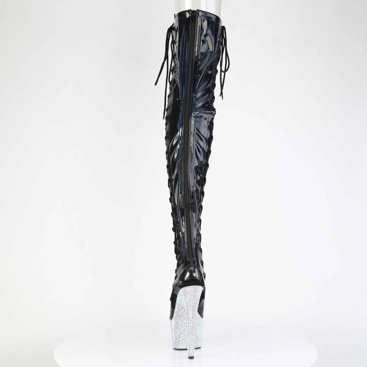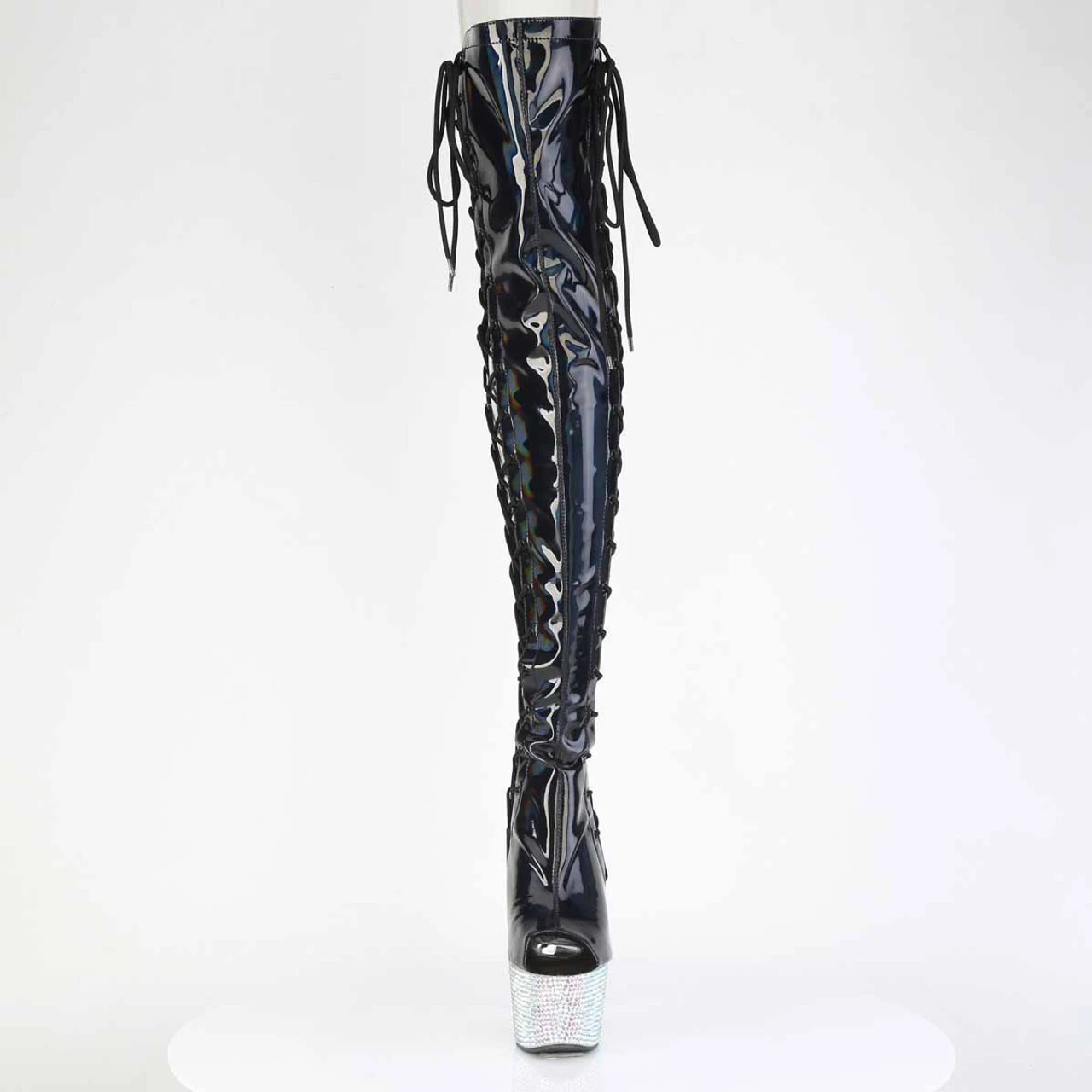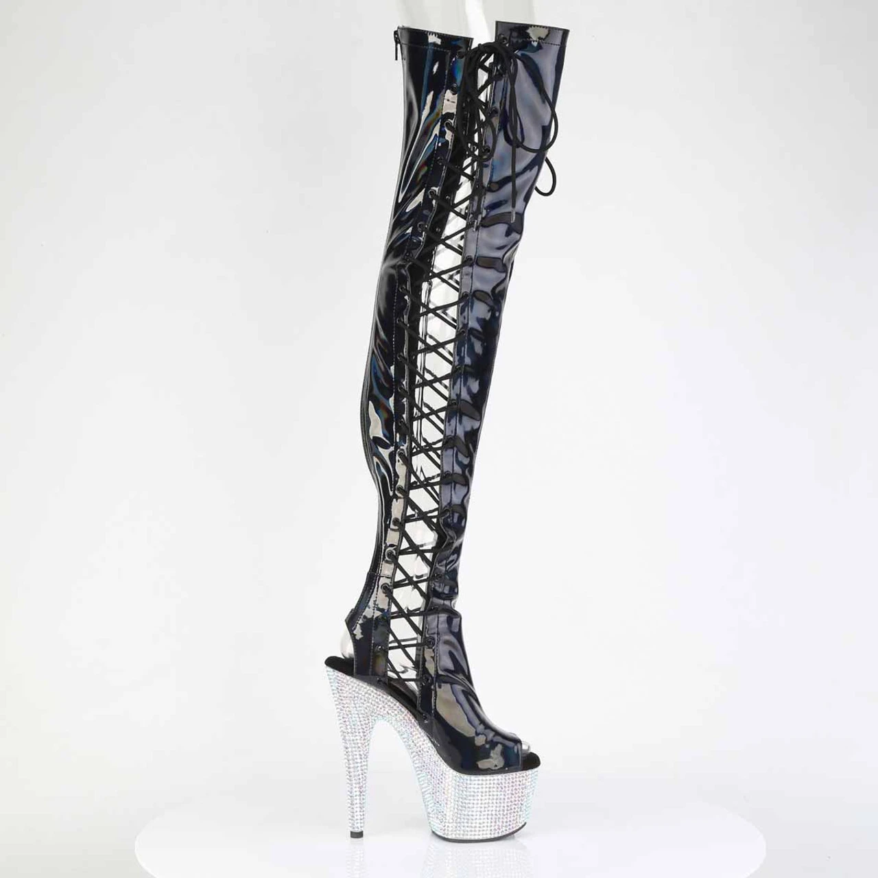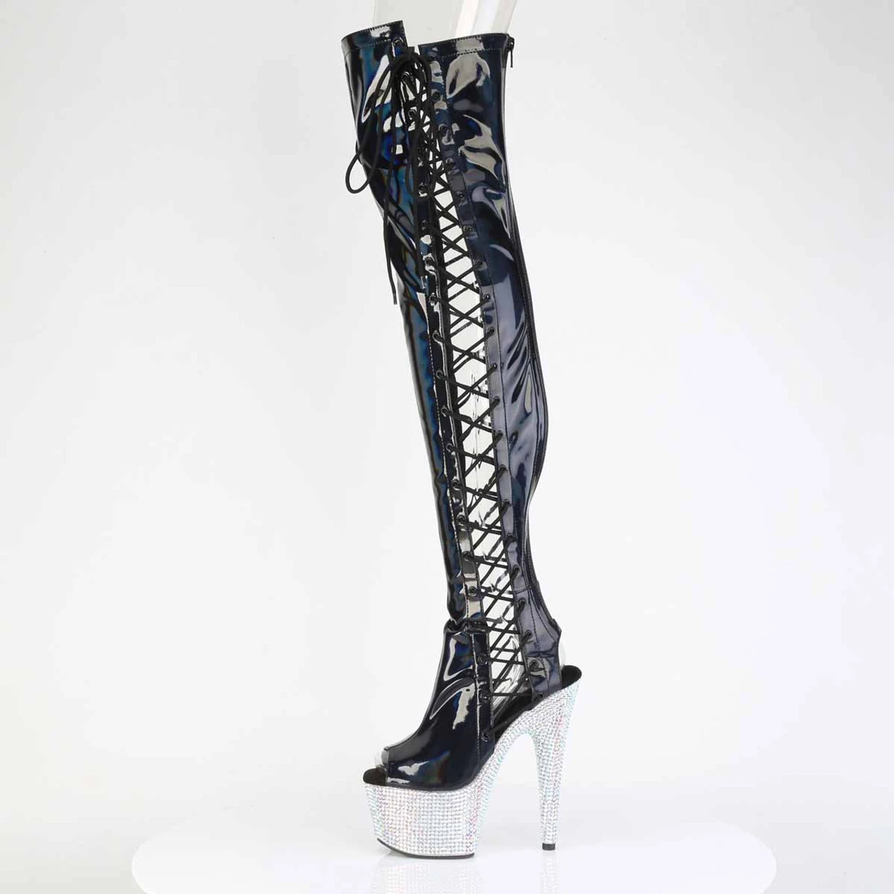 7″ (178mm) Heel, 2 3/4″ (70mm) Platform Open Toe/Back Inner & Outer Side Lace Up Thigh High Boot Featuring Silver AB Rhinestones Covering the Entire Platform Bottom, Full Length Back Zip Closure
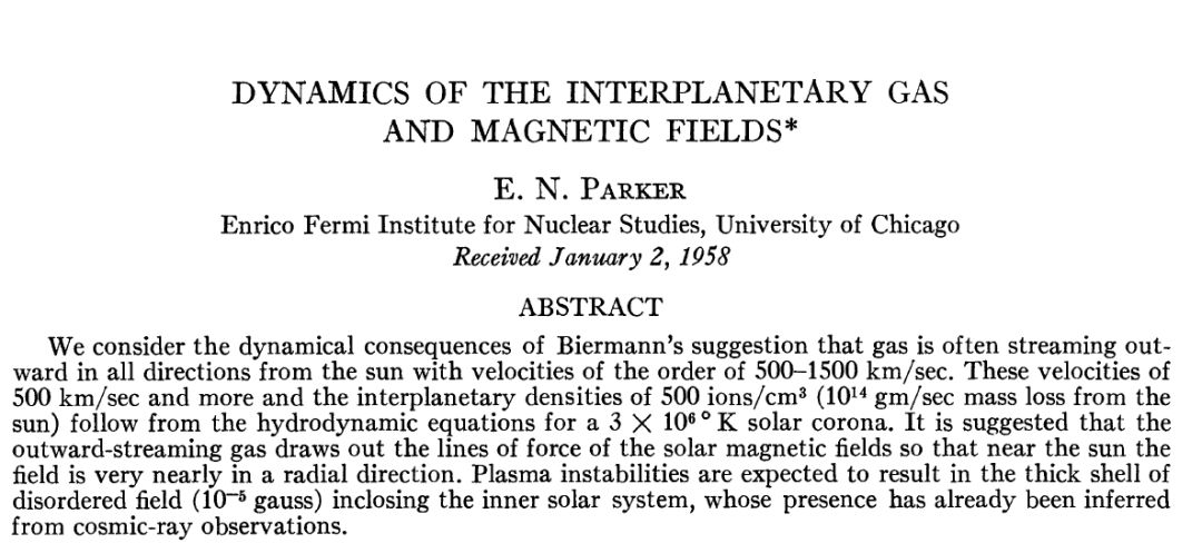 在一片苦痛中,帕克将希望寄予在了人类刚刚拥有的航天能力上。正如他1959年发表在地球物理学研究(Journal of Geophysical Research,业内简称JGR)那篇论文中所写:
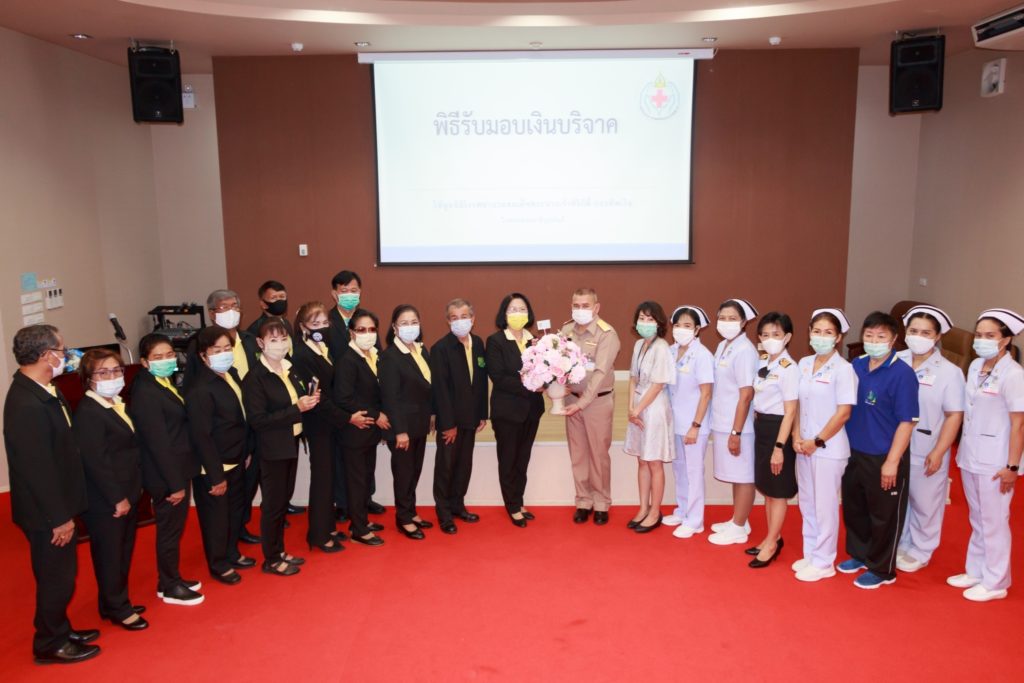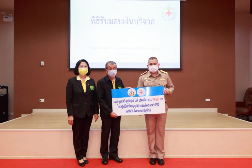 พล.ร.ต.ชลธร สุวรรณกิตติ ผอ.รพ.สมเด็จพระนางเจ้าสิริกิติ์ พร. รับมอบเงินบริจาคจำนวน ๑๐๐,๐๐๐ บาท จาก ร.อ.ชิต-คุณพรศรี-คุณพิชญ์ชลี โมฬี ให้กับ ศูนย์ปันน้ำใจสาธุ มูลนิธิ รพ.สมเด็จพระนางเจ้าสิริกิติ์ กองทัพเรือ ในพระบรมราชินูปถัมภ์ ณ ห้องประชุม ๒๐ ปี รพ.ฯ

TASK OBJECTIVE: Reproduce the full listing above verbatim, with no pictures included.

TASK SOLUTION:
 7″ (178mm) Heel, 2 3/4″ (70mm) Platform Open Toe/Back Inner & Outer Side Lace Up Thigh High Boot Featuring Silver AB Rhinestones Covering the Entire Platform Bottom, Full Length Back Zip Closure
 在一片苦痛中,帕克将希望寄予在了人类刚刚拥有的航天能力上。正如他1959年发表在地球物理学研究(Journal of Geophysical Research,业内简称JGR)那篇论文中所写:
 พล.ร.ต.ชลธร สุวรรณกิตติ ผอ.รพ.สมเด็จพระนางเจ้าสิริกิติ์ พร. รับมอบเงินบริจาคจำนวน ๑๐๐,๐๐๐ บาท จาก ร.อ.ชิต-คุณพรศรี-คุณพิชญ์ชลี โมฬี ให้กับ ศูนย์ปันน้ำใจสาธุ มูลนิธิ รพ.สมเด็จพระนางเจ้าสิริกิติ์ กองทัพเรือ ในพระบรมราชินูปถัมภ์ ณ ห้องประชุม ๒๐ ปี รพ.ฯ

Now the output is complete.